If Joel is anywhere, he’ll be in the basement. I’m sure Ada knows after my last excursion down there I’d rather slit my wrists than go back. But this is my brother we’re talking about. I can’t
not
go back. And I don’t see why she’s trying to stop me.
I stand my ground, even as it grinds beneath me, jarring my knees. I cling to the counter for support.
“Ada! How can I help him?”
My audition, the kids at school, it’s all meaningless if my brother dies. Gritting my teeth, I slump against the doorjamb. Frailty hatches all over me, like I’m perforated on the inside, and the vibrating floor doesn’t help at all. I peer out the window to my backyard. The roses are wilting, their branches rising from the ground like long, spiny fingers.
And the garden. Oh man, the garden.
The gash in the ceiling from when I cut my hand hovers above. The lath boards display like teeth in a painful grin. I wonder if Joel knows about this connection I have, or if he’s connected to the house, too. Even if I go down there, I’m not sure how I’ll help him.
I try again, and I have to yell over the ruckus and try another method to get her attention.
“Ada, just because the loop is repeating itself doesn’t mean you have to keep doing the same things every time!”
In an instant the unrest ceases. The furniture slides back on its own; the boards reassemble themselves into the floor, and I wish I could stop the pulsing in my bones.
“It is my only chance to be with Thomas again,” she says, and I jump and grip the bandage. She reappears, floaty-standing
in
the basement door. A picture frame sits in her hand. With a jolt, I recognize Thomas’ handsome face, frozen in the ashen effects of antique photography.
Ada stares at him with longing, but I close my eyes against the rush of images of Thomas’ last moments.
“And my master will hurt me if I do not go through with this.”
Hurt her? “But—how can he if you’re dead?”
“I am dead everywhere else, but here I am trapped. This house makes me alive. Because the house exists, so do I. Because this house is real, so am I.”

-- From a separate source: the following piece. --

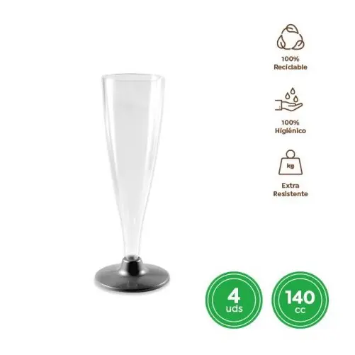 Copa Cava Flauta Reutilizable Transparente Pie Plata 140CC 4UDS

Ada keeps her glance to the picture in her hands. It’s uncanny, seeing her flicker through the wood. I wish she’d move.
“But he hurts you anyway, right? You know how this ends because you keep reliving it. Stand up to him. Change the way things are! I know what it’s like to be bullied, and you have to decide whether you’re going to just take it and let it control you, or whether you’re going to stand up against it!. Stand up to him. Stand up to Garrett.”

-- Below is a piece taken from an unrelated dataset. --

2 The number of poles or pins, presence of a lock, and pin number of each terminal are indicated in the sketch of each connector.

Ada’s head snaps up, and her silvery eyes are fierce. “I am standing up to him. I have found a way to free myself from this terrible chain. He needs someone to play a part, that is all. An actress.”
Before I can wonder what she means, a heavy slam comes from below, jerking both of our attention.

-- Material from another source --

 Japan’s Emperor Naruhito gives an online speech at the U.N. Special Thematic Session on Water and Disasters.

“Good heavens,” Ada says, her hand clutching her throat. In one swift movement she stuffs the frame back into the wall. It blends as if she never removed it. “He will be expecting me downstairs.”
“Joel,” I say, rushing forward. This is so bizarre, that her life goes on parallel to my own. I’ve been living here for
years
not knowing it. “Is he down there? Is he okay?”
“He is in the basement,” she says, disappearing into the wall. Her voice lingers to add, “And yes, he is well. For now.”
Alone in the kitchen, I huff and feel like stomping my foot. Now what? No way can I go back down there—not after I
know
what’s going on. But that’s the problem. I know what will happen to Joel if I don’t.